== TASK DIRECTIONS ==
Once you reach the line that holds "Visit Proof |" in the listing below, output it and every line after it through the line that holds "white cup of coffee on blue cloth", word for word.

== PROVIDED DATA ==
--------------------------------------------------
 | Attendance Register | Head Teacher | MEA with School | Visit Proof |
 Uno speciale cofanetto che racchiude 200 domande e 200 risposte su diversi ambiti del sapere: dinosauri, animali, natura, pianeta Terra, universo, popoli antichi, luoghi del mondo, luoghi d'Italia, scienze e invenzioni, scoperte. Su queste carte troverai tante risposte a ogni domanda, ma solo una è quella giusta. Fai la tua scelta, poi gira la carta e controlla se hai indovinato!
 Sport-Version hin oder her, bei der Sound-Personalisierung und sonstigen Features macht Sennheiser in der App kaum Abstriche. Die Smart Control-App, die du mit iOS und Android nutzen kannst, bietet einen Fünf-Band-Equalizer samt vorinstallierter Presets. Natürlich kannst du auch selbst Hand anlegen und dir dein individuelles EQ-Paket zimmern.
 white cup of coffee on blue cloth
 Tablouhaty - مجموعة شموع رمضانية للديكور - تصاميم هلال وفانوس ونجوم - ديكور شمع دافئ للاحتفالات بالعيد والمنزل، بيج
--------------------------------------------------
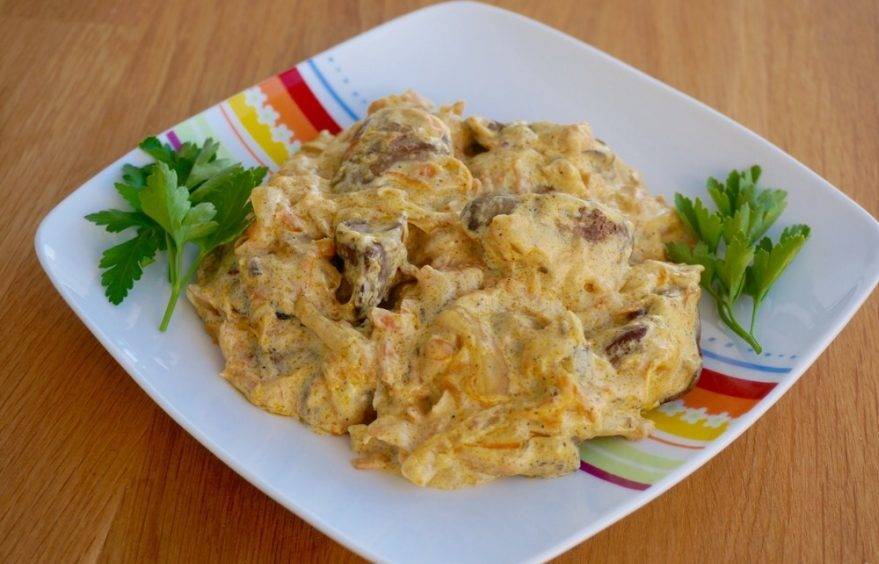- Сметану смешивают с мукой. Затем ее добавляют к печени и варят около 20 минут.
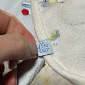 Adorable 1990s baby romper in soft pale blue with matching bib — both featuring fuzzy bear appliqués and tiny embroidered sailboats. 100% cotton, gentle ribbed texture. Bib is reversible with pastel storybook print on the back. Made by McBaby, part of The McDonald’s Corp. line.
--------------------------------------------------
== SOLUTION ==
 | Attendance Register | Head Teacher | MEA with School | Visit Proof |
 Uno speciale cofanetto che racchiude 200 domande e 200 risposte su diversi ambiti del sapere: dinosauri, animali, natura, pianeta Terra, universo, popoli antichi, luoghi del mondo, luoghi d'Italia, scienze e invenzioni, scoperte. Su queste carte troverai tante risposte a ogni domanda, ma solo una è quella giusta. Fai la tua scelta, poi gira la carta e controlla se hai indovinato!
 Sport-Version hin oder her, bei der Sound-Personalisierung und sonstigen Features macht Sennheiser in der App kaum Abstriche. Die Smart Control-App, die du mit iOS und Android nutzen kannst, bietet einen Fünf-Band-Equalizer samt vorinstallierter Presets. Natürlich kannst du auch selbst Hand anlegen und dir dein individuelles EQ-Paket zimmern.
 white cup of coffee on blue cloth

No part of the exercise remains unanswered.